FACTS AND PROCEEDINGS

Southmark, debtor in possession of a real estate and financial services company, 1 has literally hundreds of affiliated .businesses and subsidiaries, one of which is a wholly owned subsidiary named American Realty Advisors (“ARA”). In 1984, Grosz entered in an employment agreement with Southmark and Southmark Funding (later renamed ARA), to serve as the president and a director of ARA, and American Realty Trust, another of Southmark’s wholly owned subsidiaries. In consideration of that service, Grosz was entitled to compensation in the form of, inter aha, loan procurement fees, bonuses, and profit sharing.

Sometime during the late 1980s, the relationship between Southmark and Grosz soured, and Southmark refused to pay Grosz portions of the accrued fees and bonuses to which he believed he was entitled. South-mark and Grosz decided to resolve the dispute out of court and entered in a settlement agreement. '

Pursuant to that agreement, Southmark delivered Grosz a check totaling $289,258.96, $214,228 of which was for commissions and other compensation that he had previously earned. 2 . Although the check named ARA as the remitter and the W-2 Form reporting Grosz’ income to the IRS identified ARA as the payor, the check was actually drawn orí .an account owned by Southmark.
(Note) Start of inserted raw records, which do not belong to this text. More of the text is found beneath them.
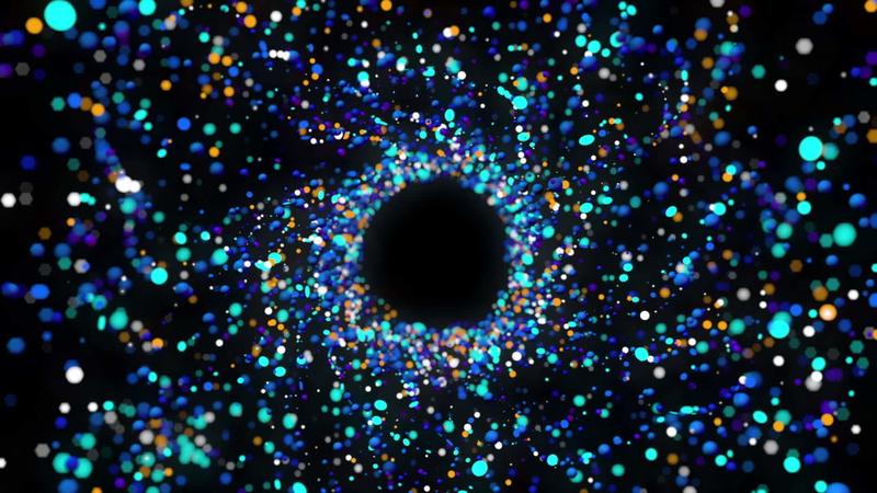 Abstract background of explosion of group of blue, orange and green particles of different sizes moving in a circle shape against an out of focus background in black space. 3d Animation Free Video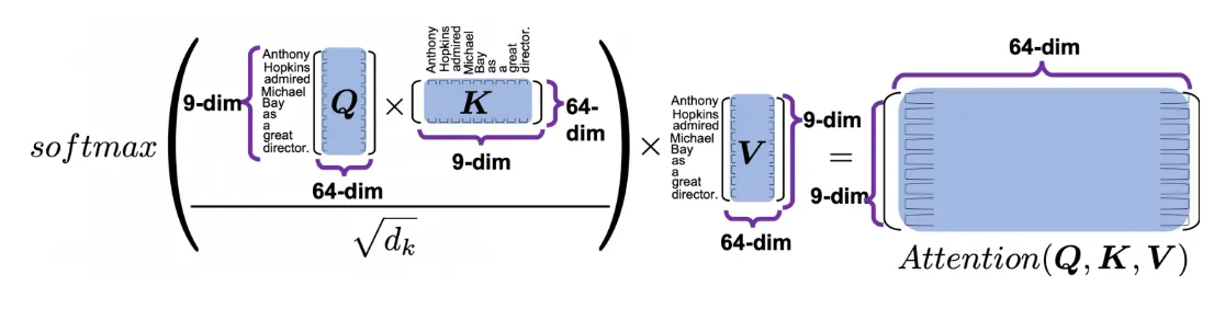 (9, 64)의 Q와 (64, 9)의 K가 matmul되어 (9, 9)차원의 가중치가 연산되면, (9, 64) 차원의 value에 matmul이 되어 ( 9, 64)의 attentioned values ( reweighted values )를 결과로 내놓게 된다.이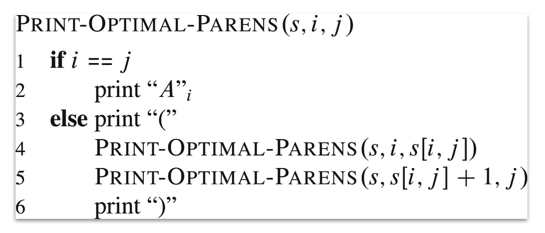 PRINT-OPTIMAL-PARENS(s, 1, 6)

The somewhat confused circumstances surrounding the identity of the entity that paid *1114 Grosz were caused by the fact that South-mark uses a cash management system (the “CMS”) to administer more efficiently and effectively its financial operations and assets. The CMS employs several different bank accounts to process all deposits, transfers, and payments of Southmark and of those affiliates and subsidiaries — such as ARA— that also use the CMS. Although each company’s receipts and disbursements are commingled in the CMS for cash management purposes, they are segregated for record keeping purposes and can be readily identified. At the time Grosz was paid, ARA had a positive balance in the CMS.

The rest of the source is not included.